- _Exercise directions_
Without including any pictures, copy each entry below exactly.

- _The records_
+===+

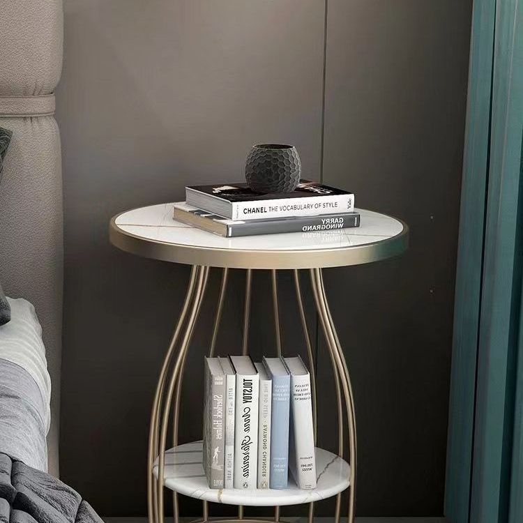 Contemporary Luxury Round Rock Slab Iron End Table 2-Tier For Living Room
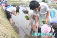 村上和之様より学習田として水田をお借りし、実際に田植えや稲刈りなどを体験させていただいています。今日は、5年生全員で田植えを体験してきました。
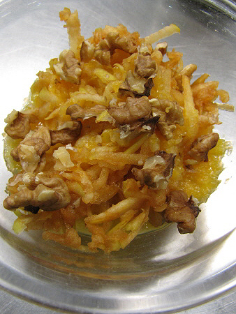 Deixar-ho reposar unes hores, i en el moment de menjar-ho, afegir-hi les nous.
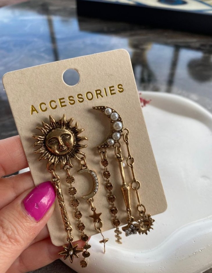 Altın renginde, zincir detaylı, güneş, yıldız ve ay figürlü uzun bohem tarzda küpeler.
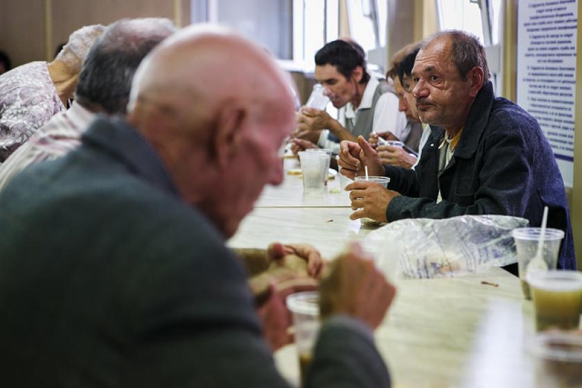 К католическому костелу, что на Гоголя, 4, ежедневно к полудню стекается со всего Харькова около сотни скромно одетых людей. Это бездомные и старики, чьих пенсий катастрофически не хватает даже на еду. В социальном центре, работающем при Кафедральном соборе Успения Пресвятой Девы Марии, они получают горячий обед и медицинскую помощь, могут принять душ, постирать вещи.
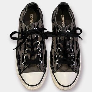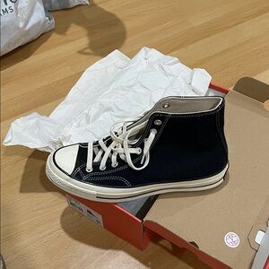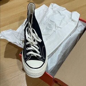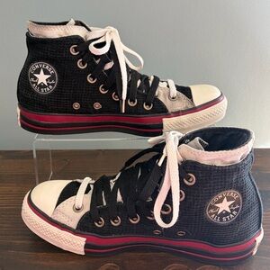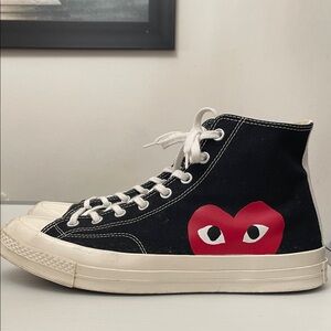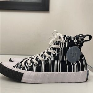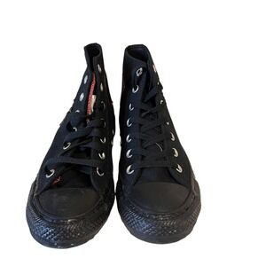 Sleek black high-tops with white laces. Features classic Converse logo.
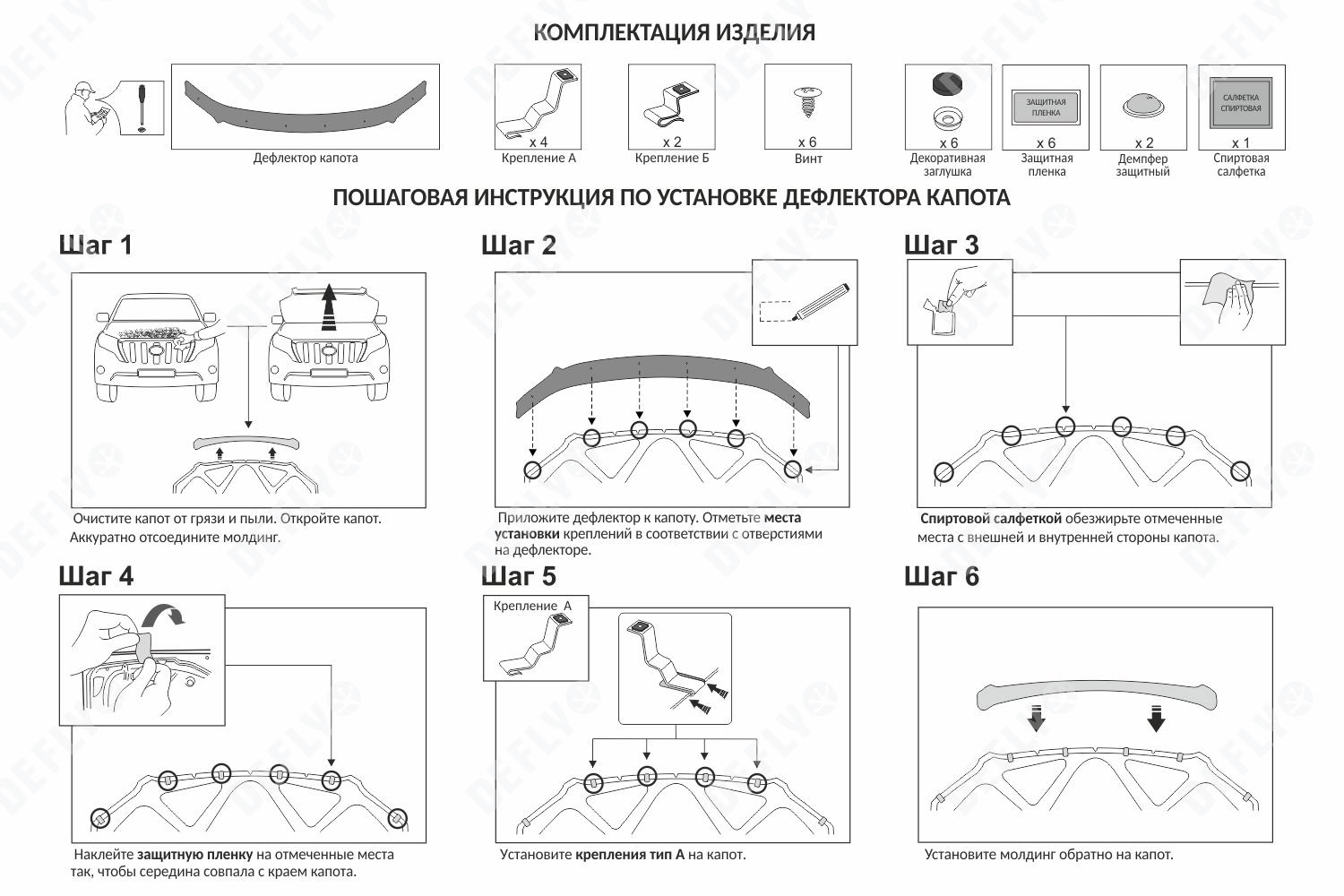 Дефлекторы капота от производителя “Defly” cерии «Original» минимально влияют на аэродинамические характеристики автомобиля и органично вписывается в его дизайн. Ребро жесткости, созданное загибом передней части дефлектора, увеличивает прочность конструкции и надежно защищает край капота от сколов. Уникальные системы креплений серии «Original» разрабатываются индивидуально для каждой модели автомобиля. Максимально надежная фиксация дефлектора обеспечивается за счет установки пластиковых клипс в штатные места, с внутренней стороны капота, и дополнительных фиксаторов по краю изделия. Дополнительные демпферы предотвращают вибрации дефлектора при движении. Изделие легко снимается, что позволяет беспрепятственно мыть, красить и производить необходимые действия с транспортным средством. Наклейку с логотипом автомобиля можно легко удалить.
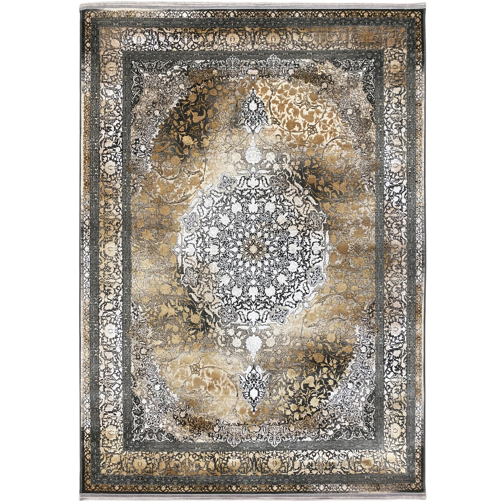 Geef uw huis een vleugje vintage elegantie met dit prachtige moderne klassieker tapijt. Het kunstzinnige centrale medaillon steekt af tegen een verbluffende rookgoudbruine achtergrond met een subtiele kleurverloop en een gebruikte look. Gemaakt van 100% hittebehandeld acryl, is dit zachte en duurzame tapijt perfect voor drukbezochte ruimtes en combineert het luxe stijl met moderne veerkracht. De royale afmeting van 170x240cm is ideaal om uw woon- of slaapkamer een verfijnde blikvanger te geven.
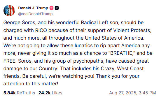 Американский президент написал 27 августа в собственной соцсети Truth Social, что Соросы должны быть осуждены по закону о борьбе с организованной преступностью — RICO. По его словам, миллиардер и его сын финансируют в Штатах насильственные протесты.
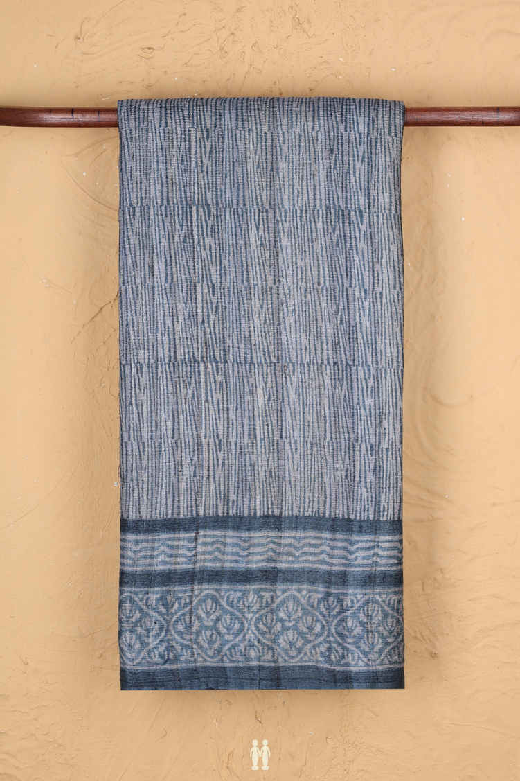 Tussar Silk Saree In Blue With Allover Design
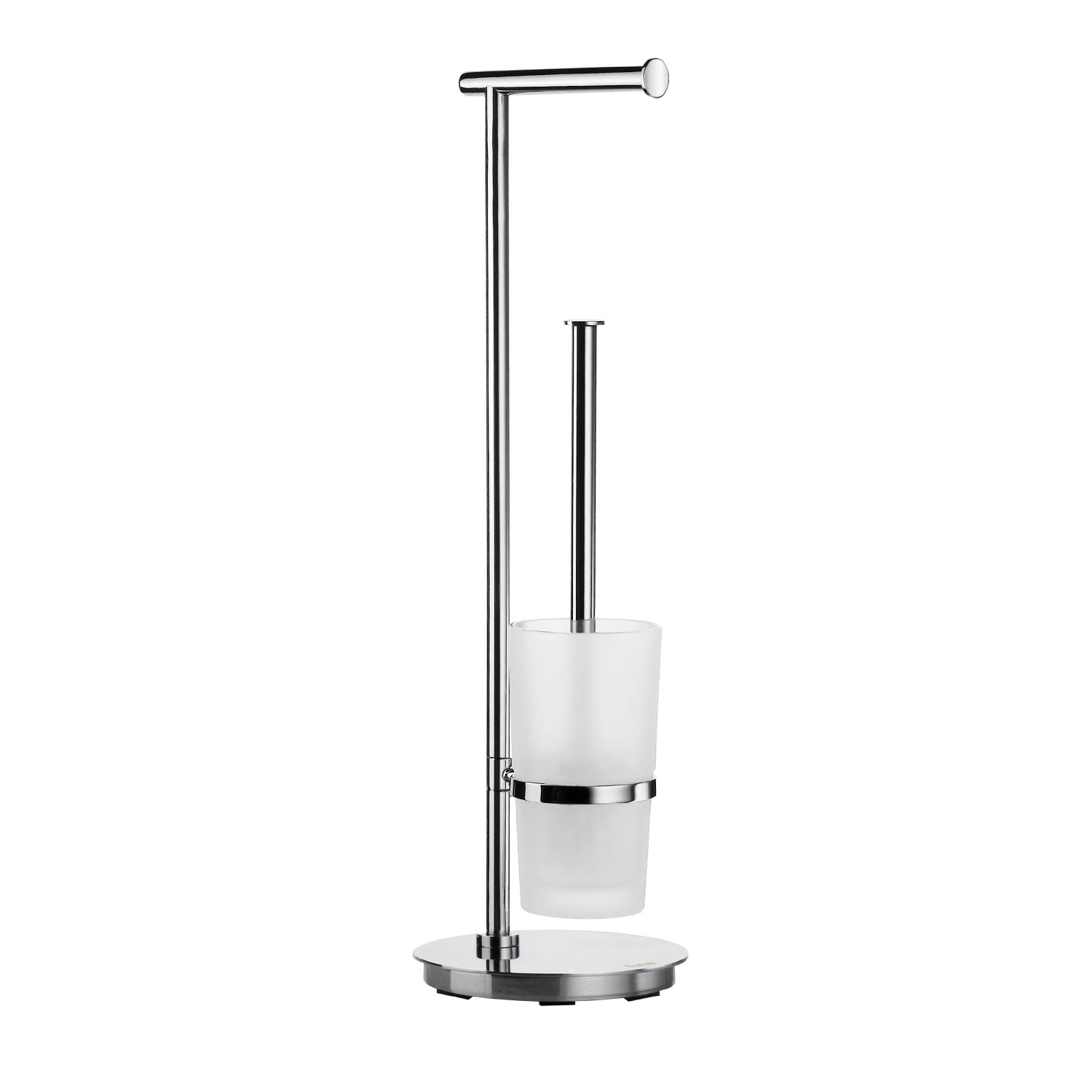 Smedbo Outline Round Toilet Roll Holder & Toilet Brush – Polished Stainless Steel/Frosted Glass

+===+

- _Output below_
 Contemporary Luxury Round Rock Slab Iron End Table 2-Tier For Living Room
 村上和之様より学習田として水田をお借りし、実際に田植えや稲刈りなどを体験させていただいています。今日は、5年生全員で田植えを体験してきました。
 Deixar-ho reposar unes hores, i en el moment de menjar-ho, afegir-hi les nous.
 Altın renginde, zincir detaylı, güneş, yıldız ve ay figürlü uzun bohem tarzda küpeler.
 К католическому костелу, что на Гоголя, 4, ежедневно к полудню стекается со всего Харькова около сотни скромно одетых людей. Это бездомные и старики, чьих пенсий катастрофически не хватает даже на еду. В социальном центре, работающем при Кафедральном соборе Успения Пресвятой Девы Марии, они получают горячий обед и медицинскую помощь, могут принять душ, постирать вещи.
 Sleek black high-tops with white laces. Features classic Converse logo.
 Дефлекторы капота от производителя “Defly” cерии «Original» минимально влияют на аэродинамические характеристики автомобиля и органично вписывается в его дизайн. Ребро жесткости, созданное загибом передней части дефлектора, увеличивает прочность конструкции и надежно защищает край капота от сколов. Уникальные системы креплений серии «Original» разрабатываются индивидуально для каждой модели автомобиля. Максимально надежная фиксация дефлектора обеспечивается за счет установки пластиковых клипс в штатные места, с внутренней стороны капота, и дополнительных фиксаторов по краю изделия. Дополнительные демпферы предотвращают вибрации дефлектора при движении. Изделие легко снимается, что позволяет беспрепятственно мыть, красить и производить необходимые действия с транспортным средством. Наклейку с логотипом автомобиля можно легко удалить.
 Geef uw huis een vleugje vintage elegantie met dit prachtige moderne klassieker tapijt. Het kunstzinnige centrale medaillon steekt af tegen een verbluffende rookgoudbruine achtergrond met een subtiele kleurverloop en een gebruikte look. Gemaakt van 100% hittebehandeld acryl, is dit zachte en duurzame tapijt perfect voor drukbezochte ruimtes en combineert het luxe stijl met moderne veerkracht. De royale afmeting van 170x240cm is ideaal om uw woon- of slaapkamer een verfijnde blikvanger te geven.
 Американский президент написал 27 августа в собственной соцсети Truth Social, что Соросы должны быть осуждены по закону о борьбе с организованной преступностью — RICO. По его словам, миллиардер и его сын финансируют в Штатах насильственные протесты.
 Tussar Silk Saree In Blue With Allover Design
 Smedbo Outline Round Toilet Roll Holder & Toilet Brush – Polished Stainless Steel/Frosted Glass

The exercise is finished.